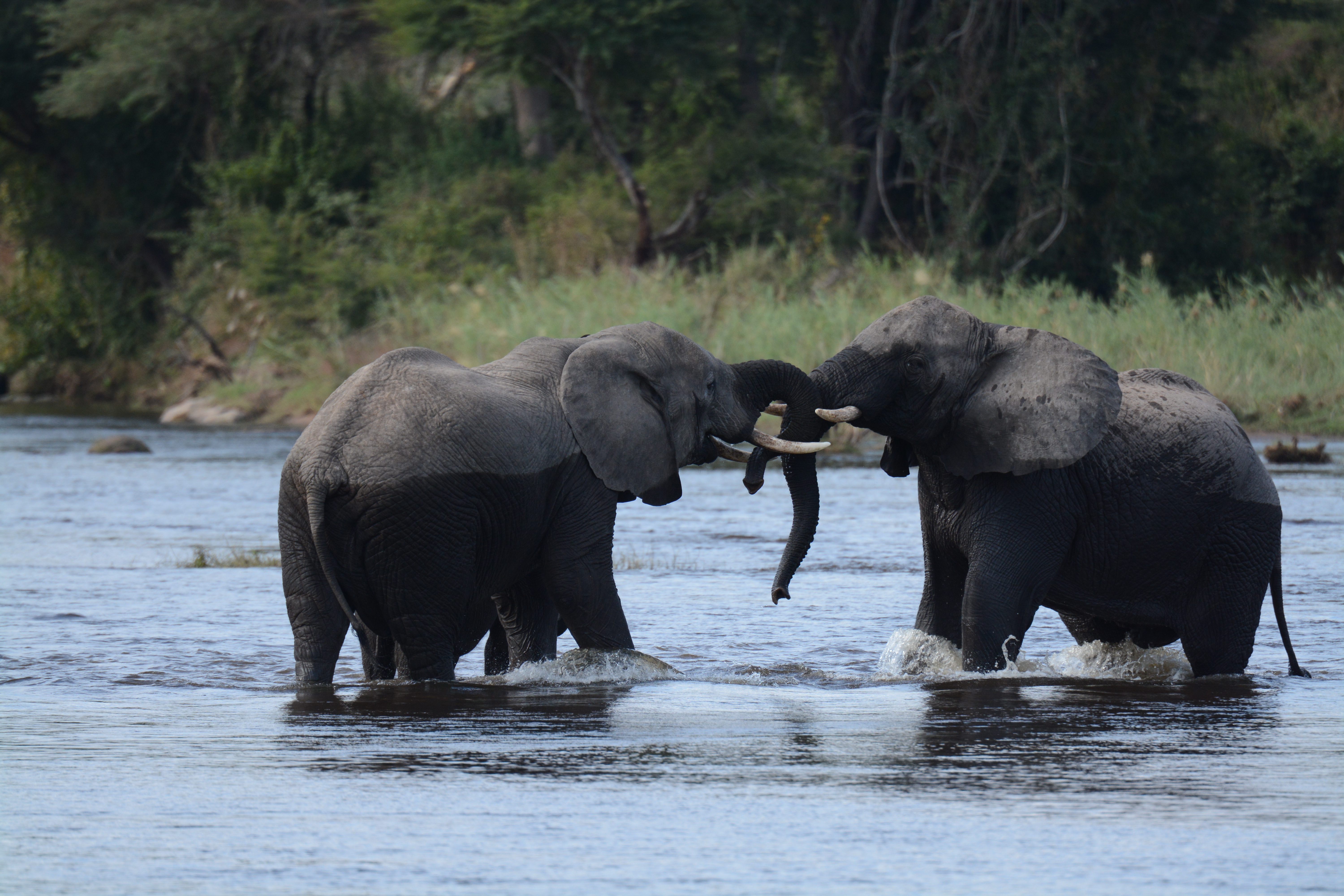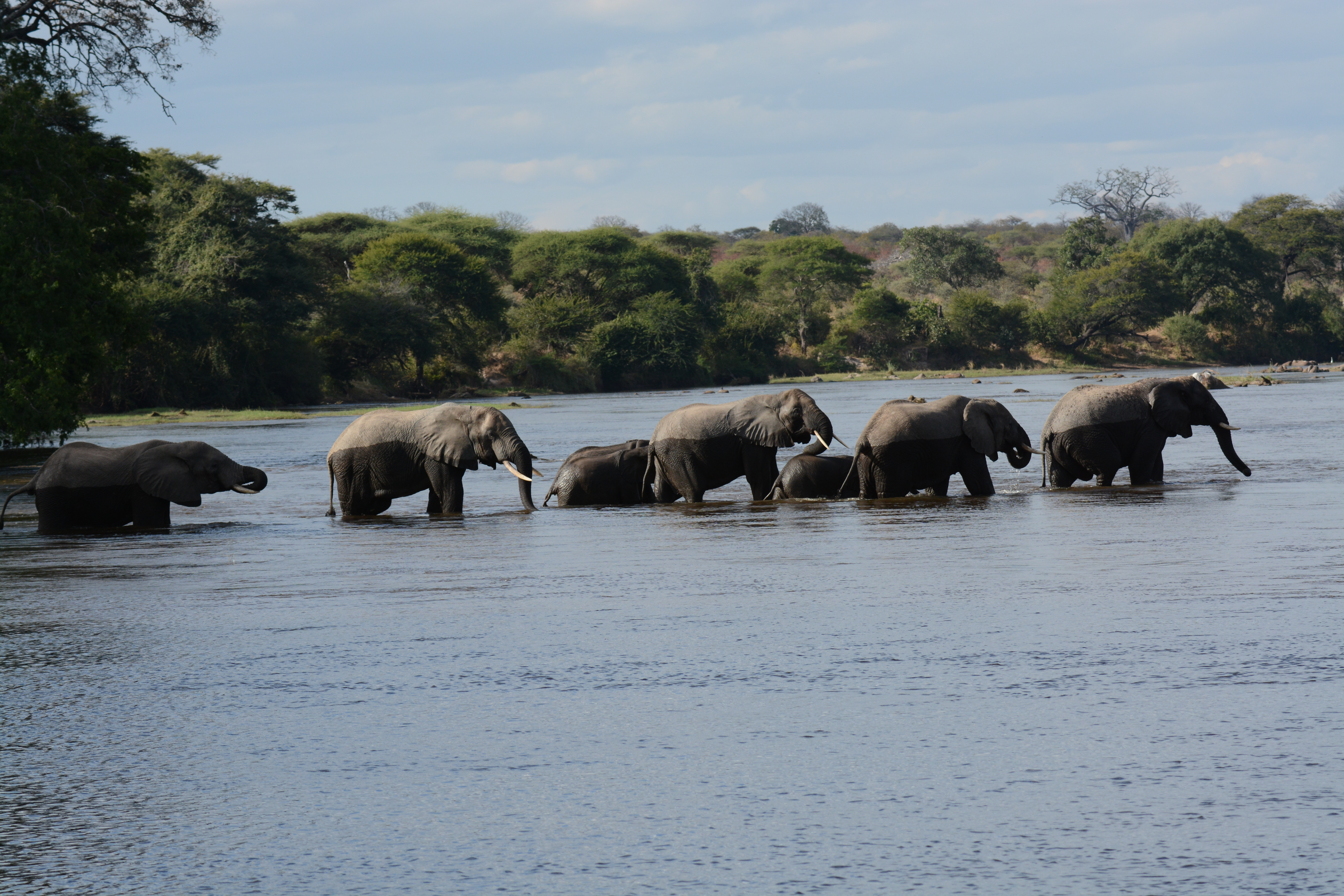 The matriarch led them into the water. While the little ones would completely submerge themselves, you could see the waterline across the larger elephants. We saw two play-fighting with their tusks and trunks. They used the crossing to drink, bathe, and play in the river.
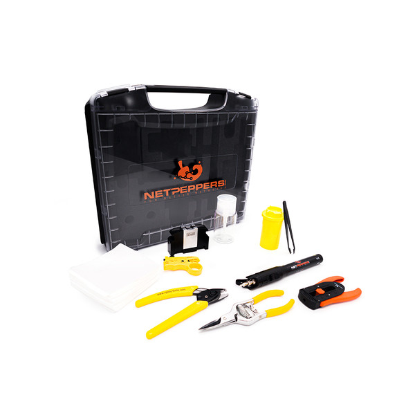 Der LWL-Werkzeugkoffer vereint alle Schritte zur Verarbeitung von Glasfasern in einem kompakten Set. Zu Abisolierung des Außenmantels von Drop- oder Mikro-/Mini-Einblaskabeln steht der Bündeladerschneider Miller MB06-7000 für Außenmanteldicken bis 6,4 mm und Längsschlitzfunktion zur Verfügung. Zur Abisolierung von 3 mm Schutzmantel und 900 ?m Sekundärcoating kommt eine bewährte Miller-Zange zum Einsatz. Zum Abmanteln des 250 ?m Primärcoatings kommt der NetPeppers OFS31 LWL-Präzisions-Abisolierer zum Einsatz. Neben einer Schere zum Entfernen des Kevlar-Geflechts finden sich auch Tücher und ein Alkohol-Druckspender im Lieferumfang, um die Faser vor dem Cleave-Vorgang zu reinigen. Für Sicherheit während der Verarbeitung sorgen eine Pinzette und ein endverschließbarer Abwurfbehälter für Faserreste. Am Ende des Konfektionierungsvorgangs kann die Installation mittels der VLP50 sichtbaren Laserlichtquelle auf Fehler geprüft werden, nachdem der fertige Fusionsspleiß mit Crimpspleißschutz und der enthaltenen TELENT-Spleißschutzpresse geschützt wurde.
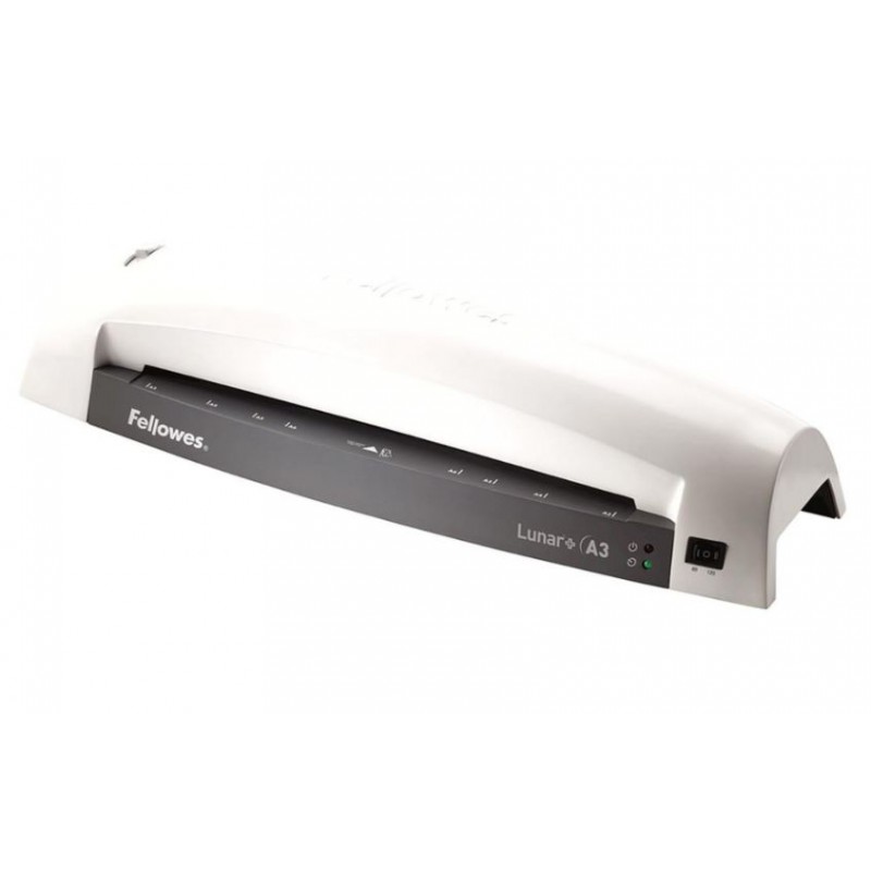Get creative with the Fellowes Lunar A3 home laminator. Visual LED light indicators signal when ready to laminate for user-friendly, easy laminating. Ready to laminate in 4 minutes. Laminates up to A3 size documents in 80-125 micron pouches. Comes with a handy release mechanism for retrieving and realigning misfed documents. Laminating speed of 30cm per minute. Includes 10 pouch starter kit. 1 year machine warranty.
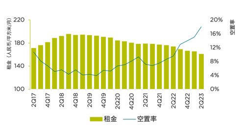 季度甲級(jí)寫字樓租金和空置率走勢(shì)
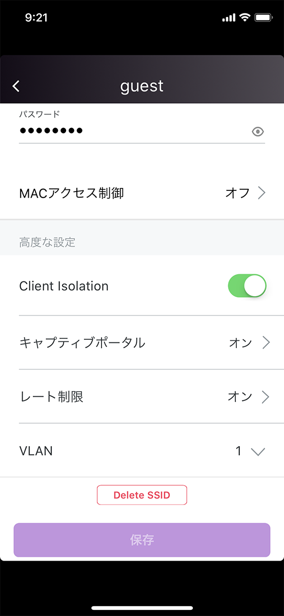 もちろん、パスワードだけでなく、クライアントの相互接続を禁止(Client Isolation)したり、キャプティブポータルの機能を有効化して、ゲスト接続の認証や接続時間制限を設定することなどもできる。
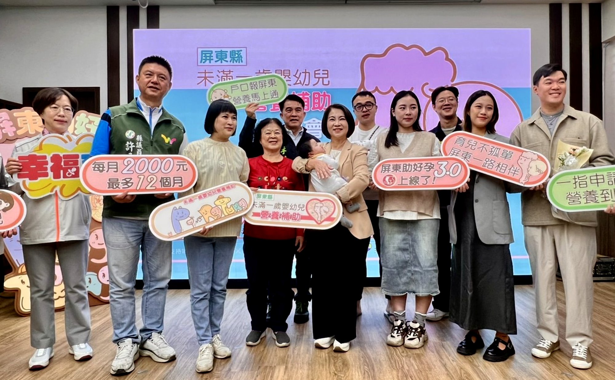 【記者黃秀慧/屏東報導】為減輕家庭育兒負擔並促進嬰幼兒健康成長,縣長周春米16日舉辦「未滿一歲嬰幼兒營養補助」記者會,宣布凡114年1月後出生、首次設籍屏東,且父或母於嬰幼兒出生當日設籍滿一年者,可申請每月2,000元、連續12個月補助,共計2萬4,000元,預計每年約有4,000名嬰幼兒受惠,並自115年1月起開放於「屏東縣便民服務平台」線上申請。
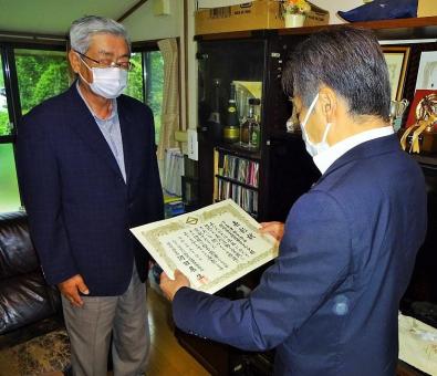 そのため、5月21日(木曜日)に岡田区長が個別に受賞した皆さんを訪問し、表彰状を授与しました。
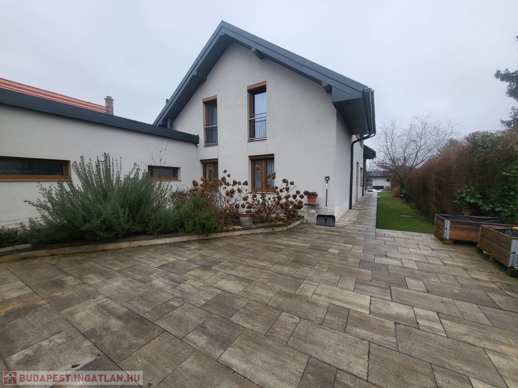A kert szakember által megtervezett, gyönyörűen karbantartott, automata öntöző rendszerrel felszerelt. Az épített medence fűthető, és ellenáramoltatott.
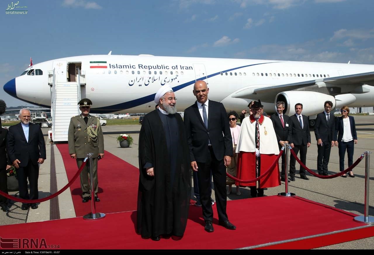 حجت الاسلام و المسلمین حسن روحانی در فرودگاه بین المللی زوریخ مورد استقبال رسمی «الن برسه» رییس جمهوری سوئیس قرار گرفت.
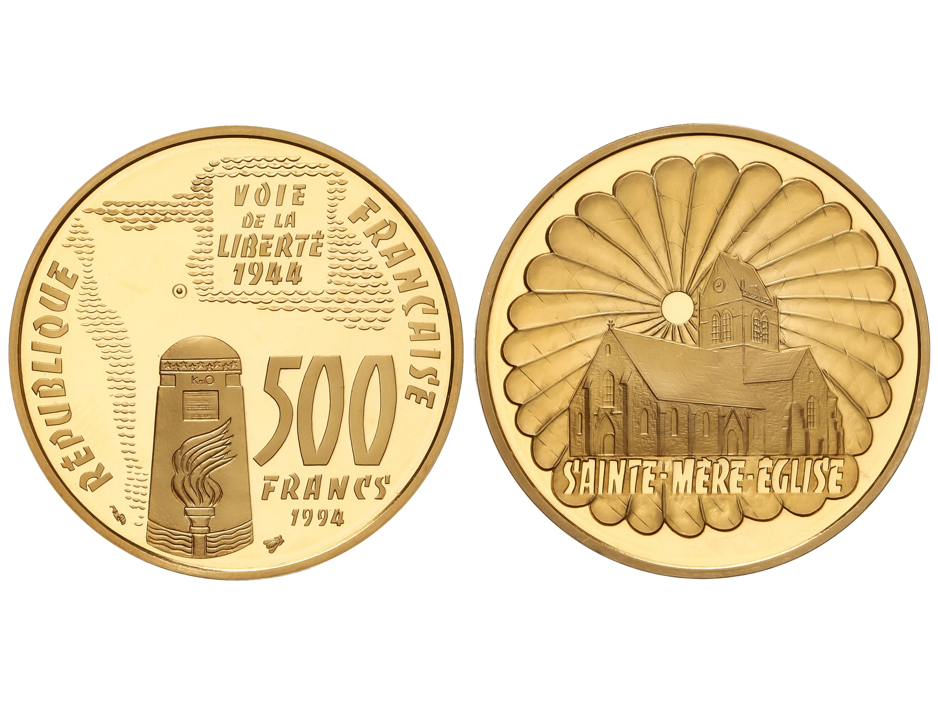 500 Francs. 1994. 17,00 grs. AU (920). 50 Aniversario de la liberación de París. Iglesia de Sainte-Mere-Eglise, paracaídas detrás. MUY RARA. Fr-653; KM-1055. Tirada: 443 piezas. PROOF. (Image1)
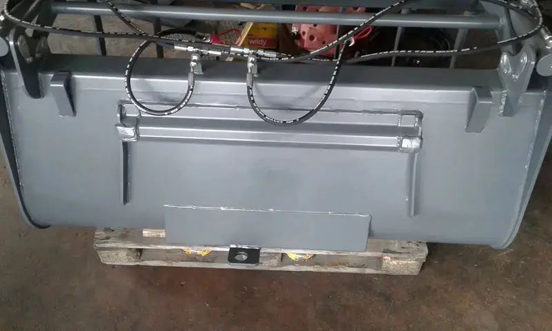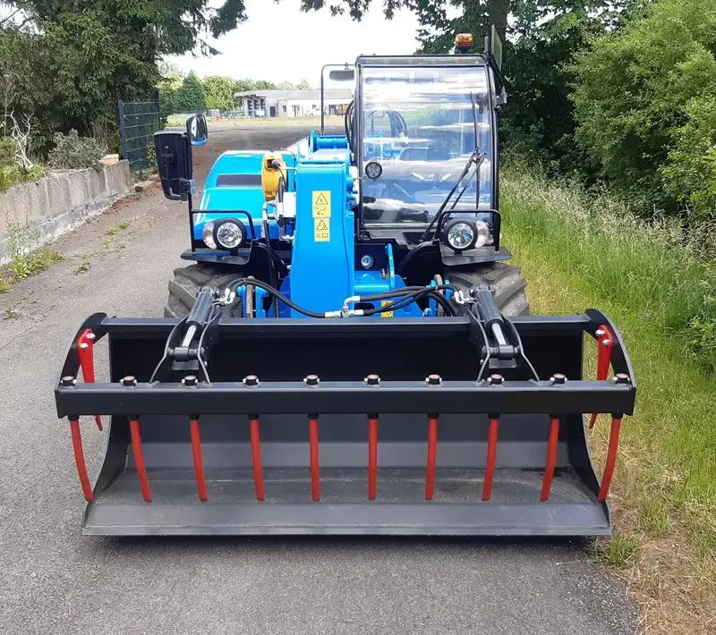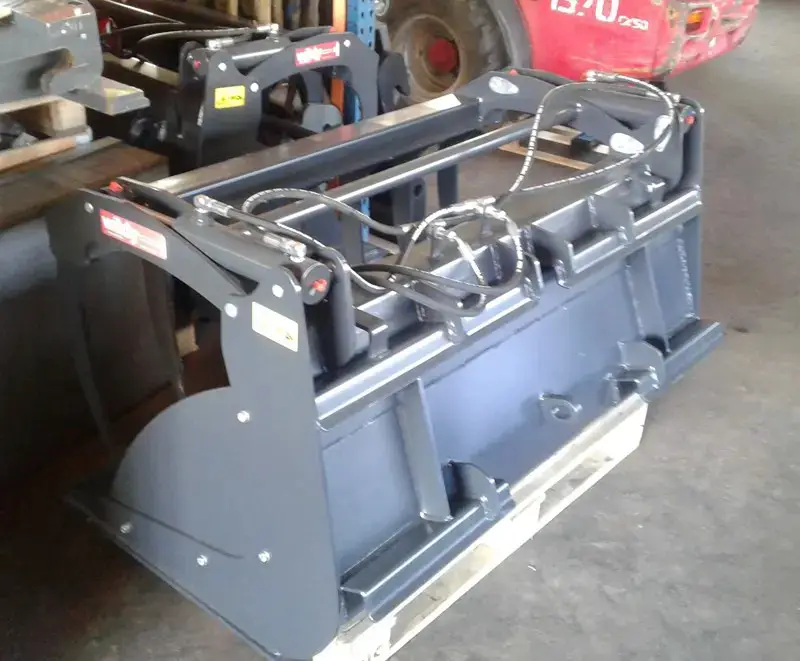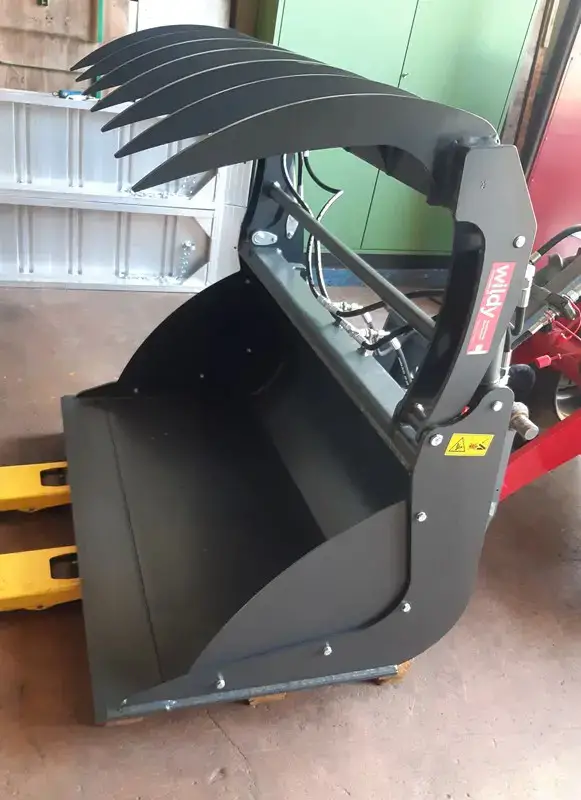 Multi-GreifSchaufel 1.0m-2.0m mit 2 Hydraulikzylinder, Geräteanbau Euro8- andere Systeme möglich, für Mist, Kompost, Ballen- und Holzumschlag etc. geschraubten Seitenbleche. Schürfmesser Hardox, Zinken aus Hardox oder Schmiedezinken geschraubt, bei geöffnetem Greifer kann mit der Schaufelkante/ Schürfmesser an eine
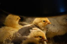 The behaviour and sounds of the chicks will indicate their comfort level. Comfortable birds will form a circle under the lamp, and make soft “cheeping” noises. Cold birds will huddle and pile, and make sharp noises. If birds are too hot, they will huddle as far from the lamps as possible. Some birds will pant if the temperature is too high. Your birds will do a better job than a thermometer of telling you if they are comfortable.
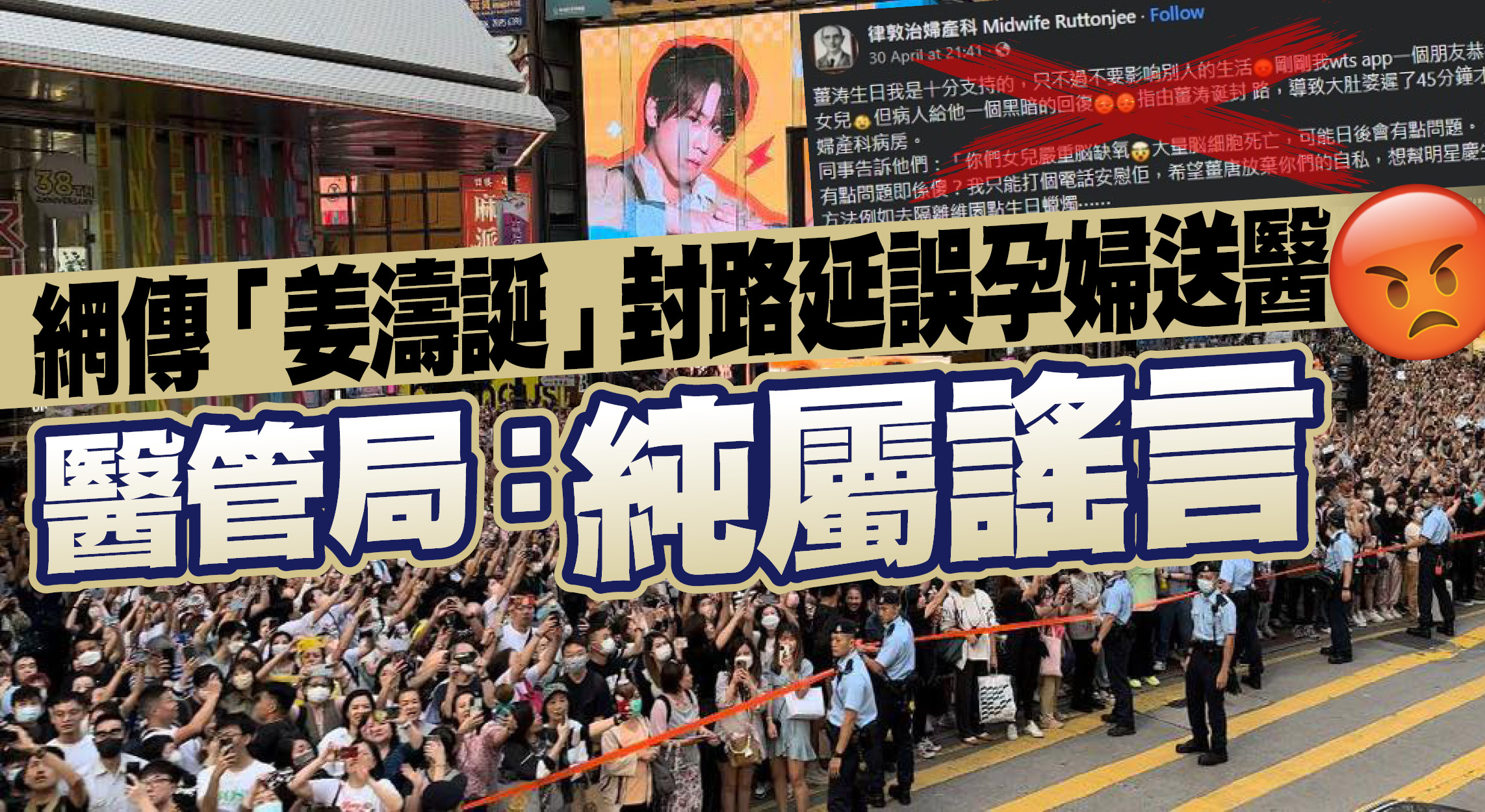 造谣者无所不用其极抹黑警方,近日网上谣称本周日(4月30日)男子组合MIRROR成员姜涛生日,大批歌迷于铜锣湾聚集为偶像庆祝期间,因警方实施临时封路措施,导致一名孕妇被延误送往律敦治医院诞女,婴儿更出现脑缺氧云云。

..............................

Restate word for word the lines starting at the one that contains "The behaviour and" and ending at the last line of the data. Skip every picture.

**Your response**
 The behaviour and sounds of the chicks will indicate their comfort level. Comfortable birds will form a circle under the lamp, and make soft “cheeping” noises. Cold birds will huddle and pile, and make sharp noises. If birds are too hot, they will huddle as far from the lamps as possible. Some birds will pant if the temperature is too high. Your birds will do a better job than a thermometer of telling you if they are comfortable.
 造谣者无所不用其极抹黑警方,近日网上谣称本周日(4月30日)男子组合MIRROR成员姜涛生日,大批歌迷于铜锣湾聚集为偶像庆祝期间,因警方实施临时封路措施,导致一名孕妇被延误送往律敦治医院诞女,婴儿更出现脑缺氧云云。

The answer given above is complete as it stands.